People who eat chocolate once a week are more likely to do well on cognitive measures, including organization, abstract reasoning, and visual memory, according to research published (paywall) online last month in the journal Appetite. To draw these conclusions, researchers from the University of South Australia, the University of Maine, and the Luxembourg Institute of Health examined data from a cohort of nearly 1,000 individuals aged 23-98.

The researchers were using data from the Maine-Syracuse Longitudinal Study, which was started in 1976 and originally designed to follow participants and track heart disease and cognitive abilities. Researchers collected information about participants’ health in different groups based on time, but for a sample of adults in 2001 to 2006 group, they also collected dietary information. After categorizing chocolate consumption by less than once a week, once a week, and more than once a week, they reported that people who consumed chocolate at least once per week boasted lower rates of hypertension and type 2 diabetes. Furthermore, they wrote, “all cognitive scores were significantly higher in those who consumed chocolate at least once per week, than in those who never/rarely consumed chocolate.”

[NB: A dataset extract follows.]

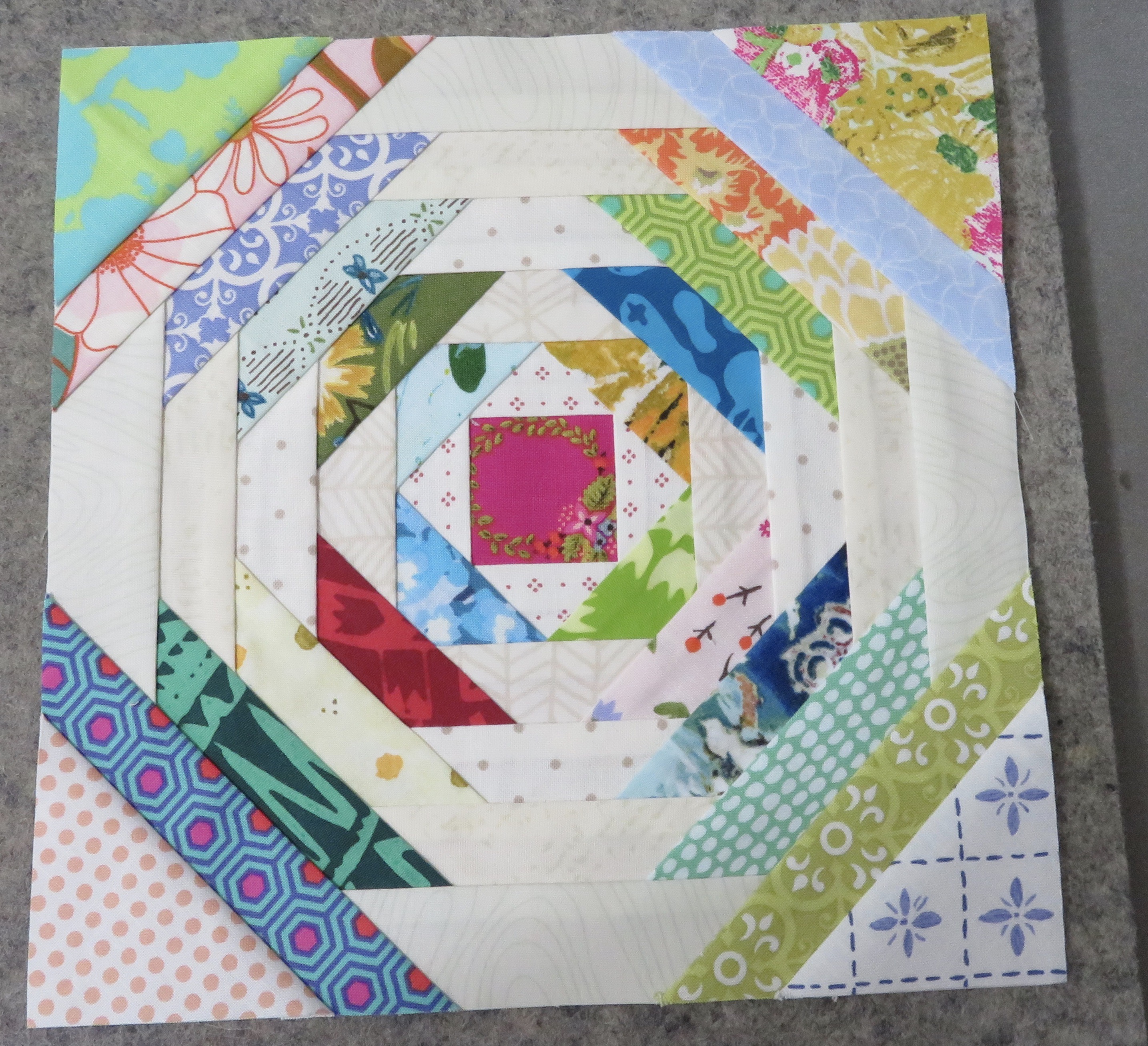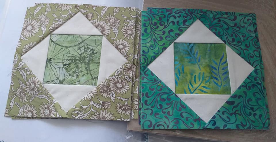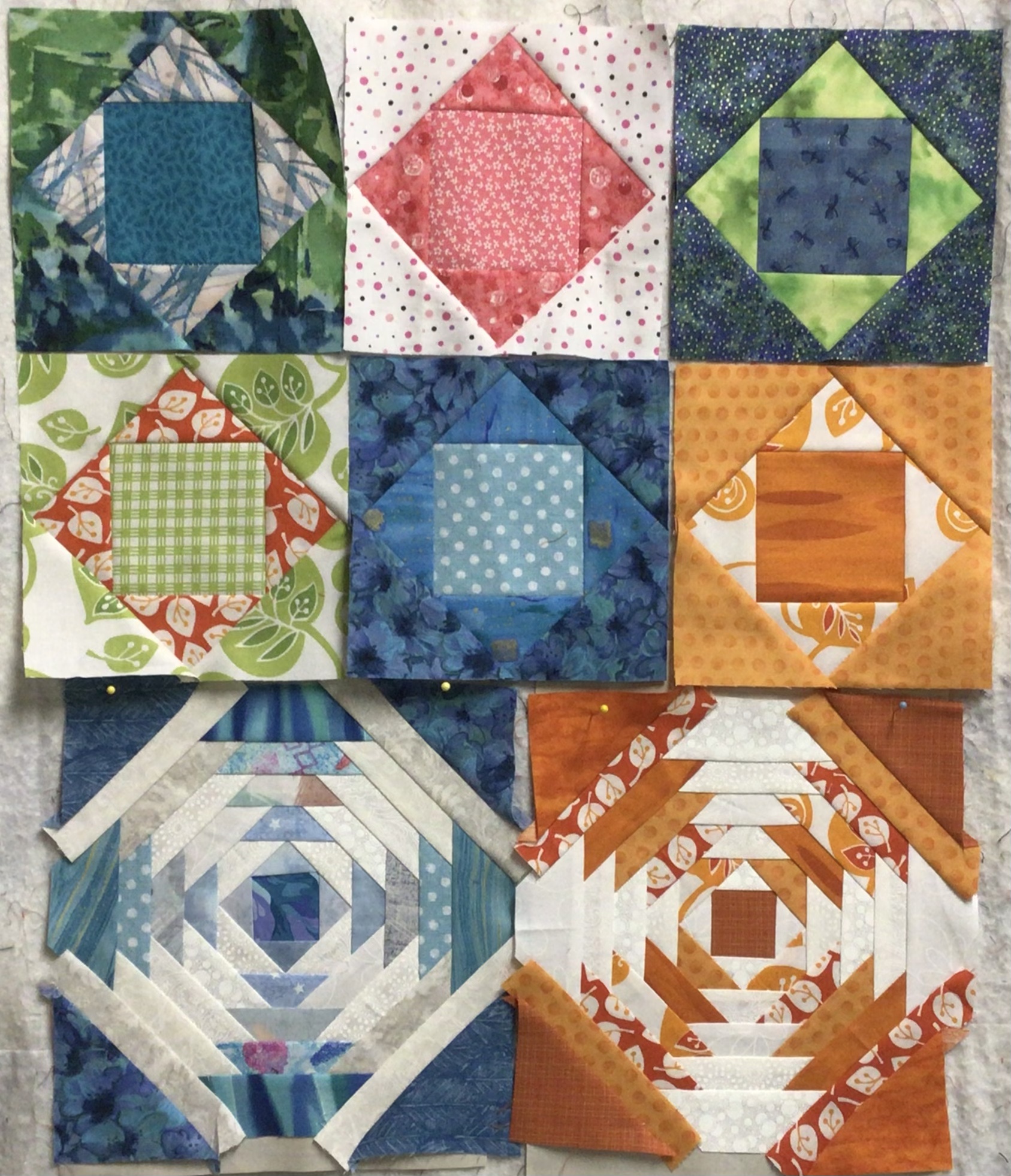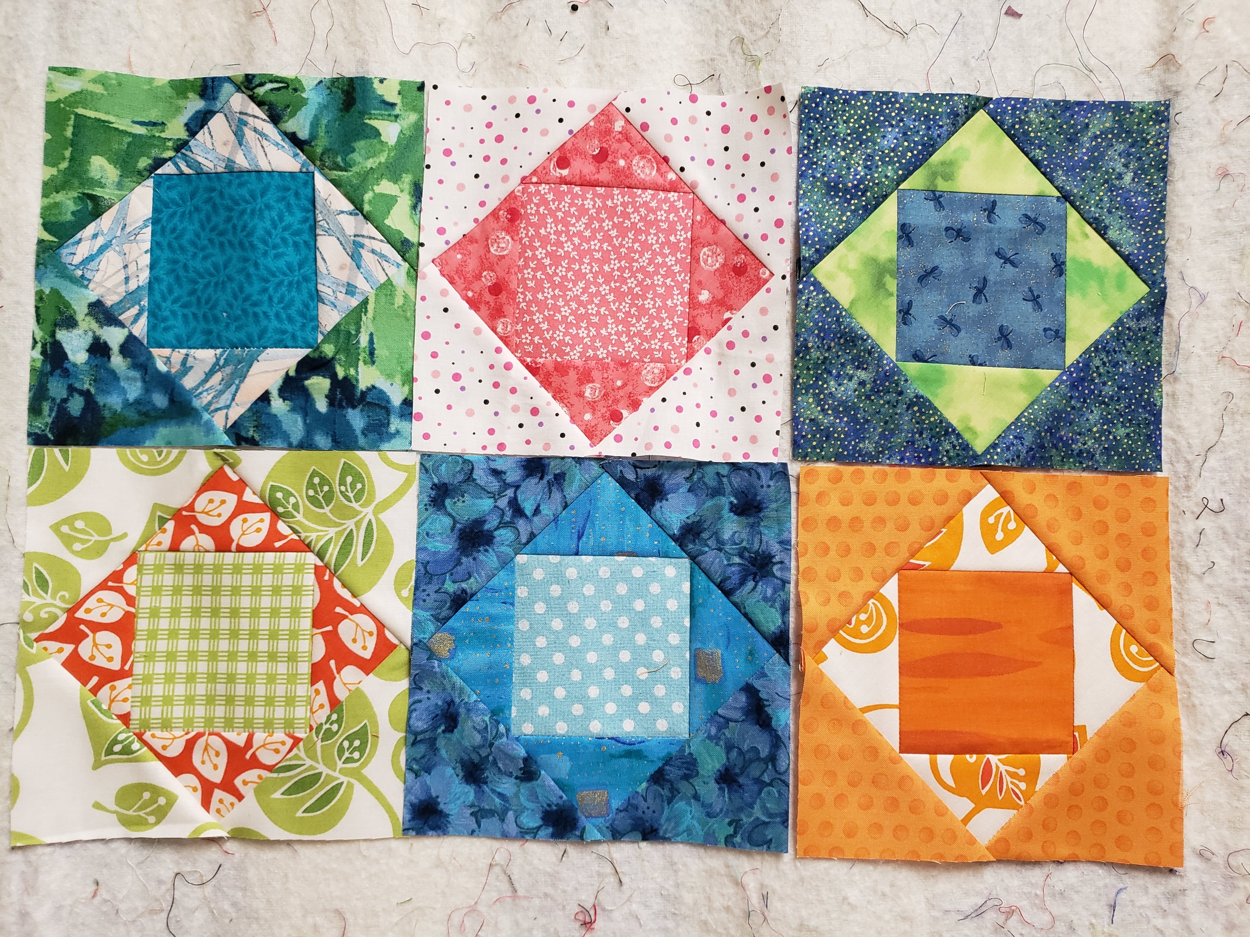 I have the “crazy” part of the baskets done, and I used only my scraps from my pineapple and square in a square blocks to do it! I even sewed pieces together if they were too small to create larger color pieces. It was fun! But one has too many straight seams, I am thinking of adding a piece on the bottom left (green) one to fix that, to make it look more”crazy”.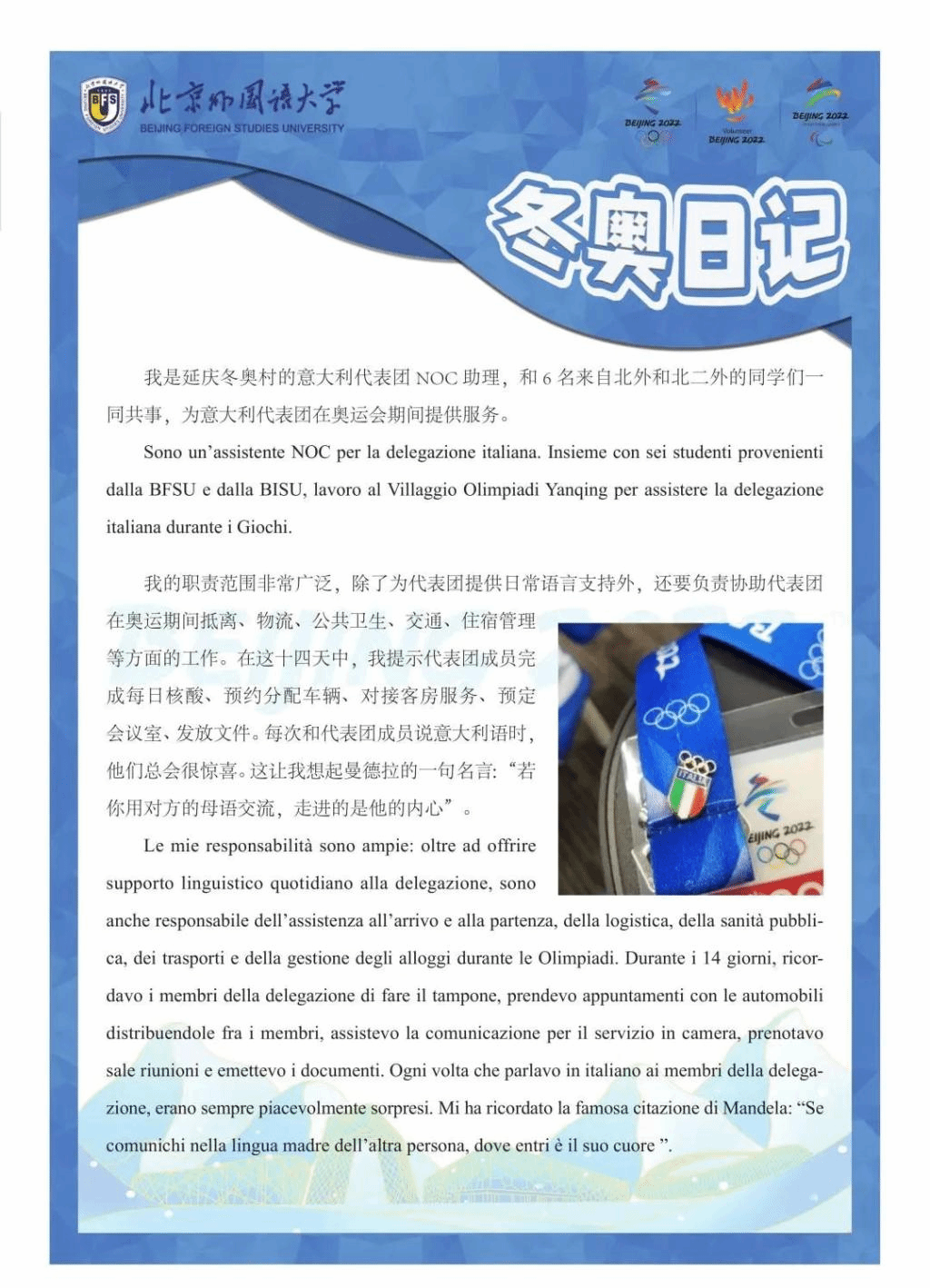 欧语人在冬奥 | 延庆冬奥村NOC助理操兰漪冬奥日记: 冬奥盛会中的一片小小雪花

As Georgina Crichton, a nutrition researcher at the University of South Australia and lead author of the study, told the Washington Post, these chocolate-enhanced cognitive abilities translate into the things we do every day, like recalling trivia and multi-tasking.

But does chocolate actually have an effect on cognitive abilities, or do people with sharper minds simply tend to consume more chocolate? To answer that question, the researchers looked at 333 individuals whose cognitive capacities had been tested an average of 18 years before they were surveyed about their dietary habits. The researchers found that people with high cognition were no more likely to be chocolate-eaters than people with lower cognitive. In other words, mental capacity couldn’t predict chocolate habits.

“Our study definitely indicates that the direction is not that cognitive ability affects chocolate consumption, but that chocolate consumption affects cognitive ability,” Merril F. Elias, a psychologist at the University of Maine and co-author of the study, told the Post.

But this doesn’t mean that you should substitute chocolate for crossword puzzles and other cognition-honing tools. Instead, Elias advises that it’s probably best to have just a little bit of chocolate here and there—more like a supplement to brain food, rather than the main dish.